Le plafond annuel pour la destruction de loups fait l’objet d’un arrêté dédié (arrêté du 23 octobre 2020 fixant le nombre maximum de spécimens de loups (Canis lupus) dont la destruction pourra être autorisée chaque année) et n’entre donc pas dans le champ du présent projet d’arrêté. Ce plafond sera maintenu à 19% (+2%) de la population totale estimée en 2026, selon la méthode capture-marquage-recapture. Toutefois, bien que le volume de destruction autorisé demeure inchangé, les modalités de gestion de ces destructions ont été prévues dans l’optique de réserver les tirs aux territoires où la prévention ou la diminution de dommages importants aux troupeaux domestiques est prioritaire.

Ainsi, le préfet coordonnateur aura la possibilité, si le niveau de consommation s’avérait trop précoce et avant l’atteinte du plafond, de suspendre temporairement ou jusqu’à la fin de l’année les déclarations et autorisations de tir sur les territoires qu’il détermine (article 4). Dans ces conditions, les tirs pourraient, sur accord du préfet coordonnateur, continuer d’être mis en œuvre seulement par les lieutenants de louveterie ou la brigade mobile d’intervention (article 5) afin de conserver une meilleure maîtrise de consommation du plafond.

C) Modifications et nouvelles dispositions

Un certain nombre de modifications et de nouvelles dispositions ont été introduites à l’occasion de ce projet d’arrêté. Ainsi :
-  La perturbation intentionnelle, la capture, l’enlèvement, le transport de spécimens de loups sera possible aux fins de recherche scientifique pour le Muséum d’Histoire Naturelle, l’Office Français de la Biodiversité et le Centre National de la Recherche Scientifique sans qu’une dérogation au titre des espèces protégées soit nécessaire (article 1er et article 27) ;
-  Les modalités de mise en œuvre des tirs ainsi que le matériel de tir autorisé ont été précisés (article 14) ;
-  Les tirs de défense simple et de défense renforcée ont été fusionnés en un unique « tir de défense » dont le nombre de tireurs par lot ne peut excéder deux (ou trois par dérogation) (article 17) ;
-  Les modalités applicables aux troupeaux protégés ont été étendues (article 5) aux troupeaux ou lots d’animaux considérés comme non-protégeables (article 8) ainsi qu’aux troupeaux situés dans certaines zones d’expansion (zone difficilement protégeable) (article 26) ;
-  Les tirs de prélèvement sont possibles après accord du préfet coordonnateur à partir du 1er juillet (article 18), pour les élevages protégés ou situés en zone difficilement protégeable, si des dommages exceptionnels continuent d’être constatés malgré la mise en œuvre de tirs de défense (article 20) ;
- Les tirs de prélèvement seront mis en œuvre sous la responsabilité des lieutenants de louveterie ou l’OFB avec l’appui de chasseurs.

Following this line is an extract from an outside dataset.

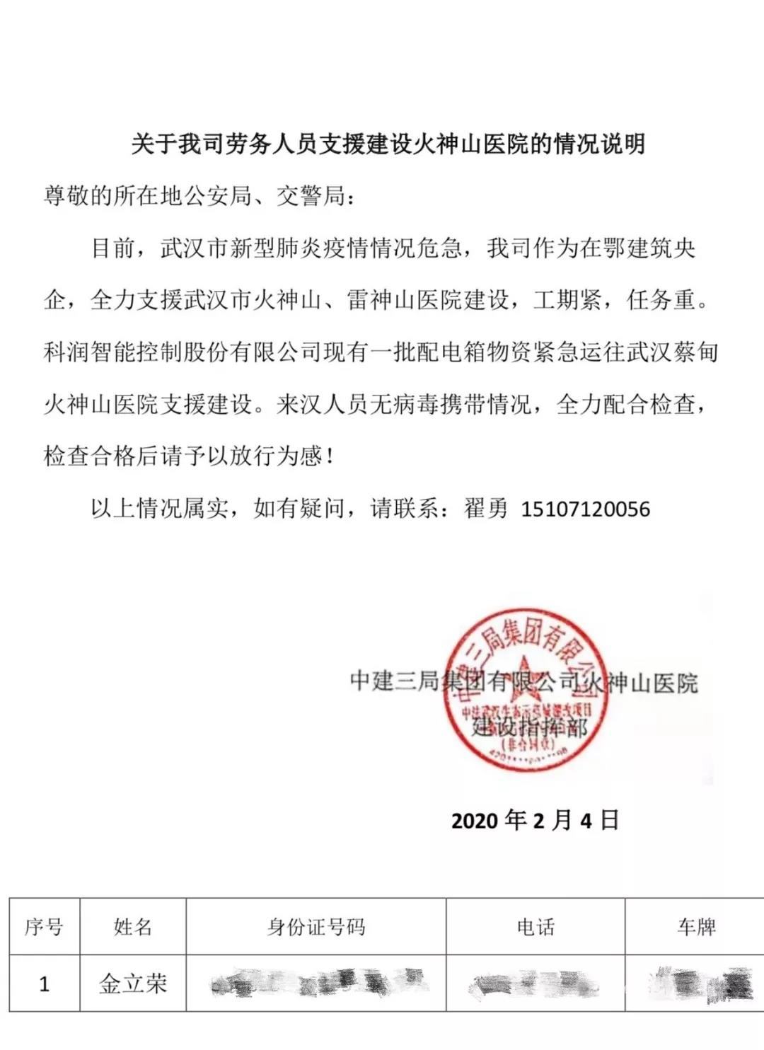火神山醫院自2月2日建成交付使用后,負責相關電力設備安裝的中建三局集團有限公司考慮醫院單向送電的不保險,希望采購一批設備加強院區備用電力的保障。科潤智能控制股份有限公司作為合作單位,接到通知后第一時間統籌調劑庫存,與疫情“賽跑”。

Un tableau récapitulatif des différentes évolutions du protocole de tir est présenté dans le rapport de présentation joint.

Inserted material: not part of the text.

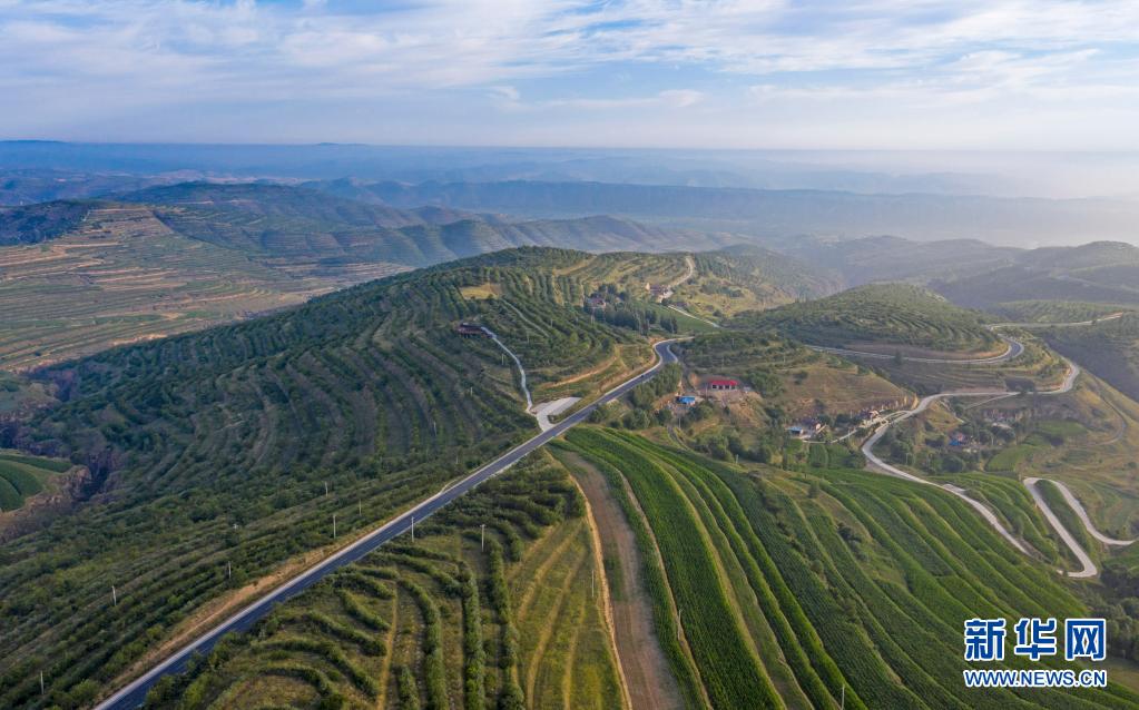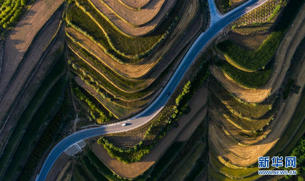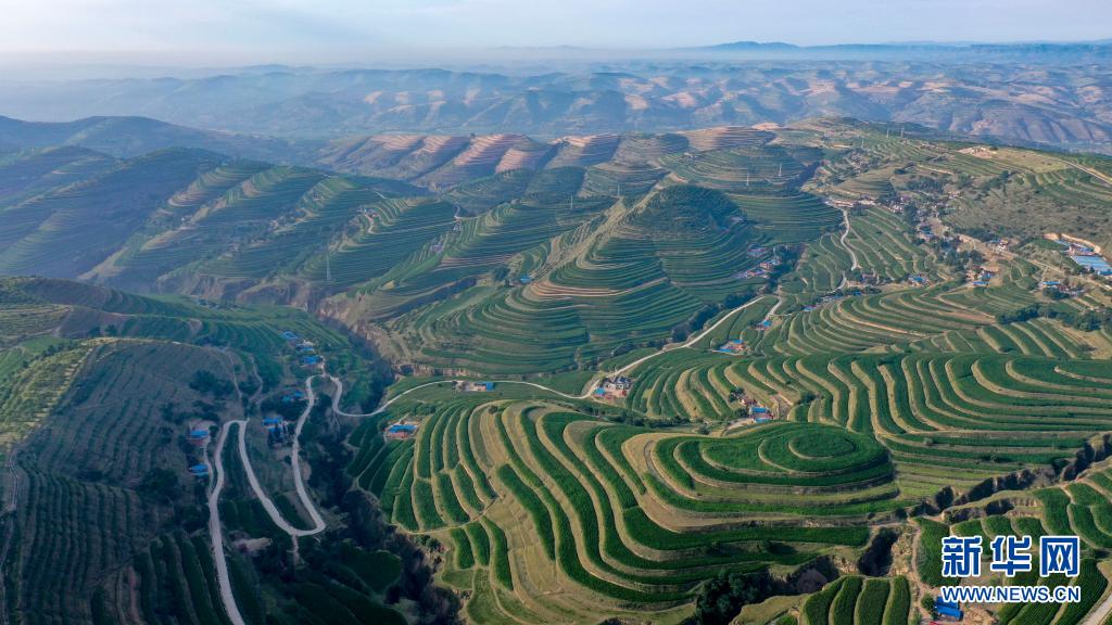 這是7月13日在寧夏固原市彭陽縣拍攝的青云灣旱作梯田公園(無人機照片)。新華社記者 馮開華 攝

Merci de préciser, en intitulé de vos observations, votre positionnement sur le texte (FAVORABLE ou DÉFAVORABLE).

Partager la page

Commentaires

  •  Avis défavorable , le 14 décembre 2025 à 14h36
    Laissez les loups en paix
  •  Vice présidente de l’académie d’architecture , le 14 décembre 2025 à 14h36
    Aujourd’hui il est urgent et plus intelligent de privilégier une approche de partage des territoires que de vouloir éliminer des animaux tout autant légitimes que l’Homme et son environnement. Sur la faune sauvage en Afrique, de bons exemples de cohabitation et protection sont à étudier. Arrêtons de tout vouloir régler par un coup de pistolet. L’humain doit montrer plus d’intelligence et de sensibilité. Non aux abattages quelqu’ils soient !!
  •  AVIS DÉFAVORABLE , le 14 décembre 2025 à 14h36
    Je formule un avis défavorable à ce projet d’arrêté, qui affaiblit le statut de protection du loup (Canis lupus) sans justification scientifique suffisante. Les données disponibles montrent que la régulation létale des loups n’entraîne pas de diminution durable des dommages aux troupeaux, ceux-ci dépendant avant tout des pratiques d’élevage et de la mise en œuvre effective de mesures de protection non létales. De plus, les prélèvements peuvent désorganiser les meutes, augmenter les comportements opportunistes et paradoxalement accroître les attaques sur le bétail. Espèce clé de voûte, le loup joue un rôle majeur dans la régulation des populations d’ongulés et le maintien des équilibres écologiques, comme largement documenté en écologie des prédateurs. En l’absence de démonstration scientifique solide d’un bénéfice des destructions élargies, ce projet constitue un recul pour la conservation de la biodiversité et n’apparaît ni proportionné ni fondé sur les connaissances actuelles.
  •  Avis favorable, le 14 décembre 2025 à 14h36
    Le loup devient trop présent et n’a plus peur de l’homme. Il doit désormais s’intégrer dans un plan de chasse normé (ni trop, ni trop peu).
  •  Avis défavorable , le 14 décembre 2025 à 14h33

    Parce que NON :

    - L’état de conservation du loup en France n’est pas bon : la population nationale stagne depuis plusieurs années autour de 1000 individus, en raison d’un niveau de prélèvement annuel très élevé (19% du total).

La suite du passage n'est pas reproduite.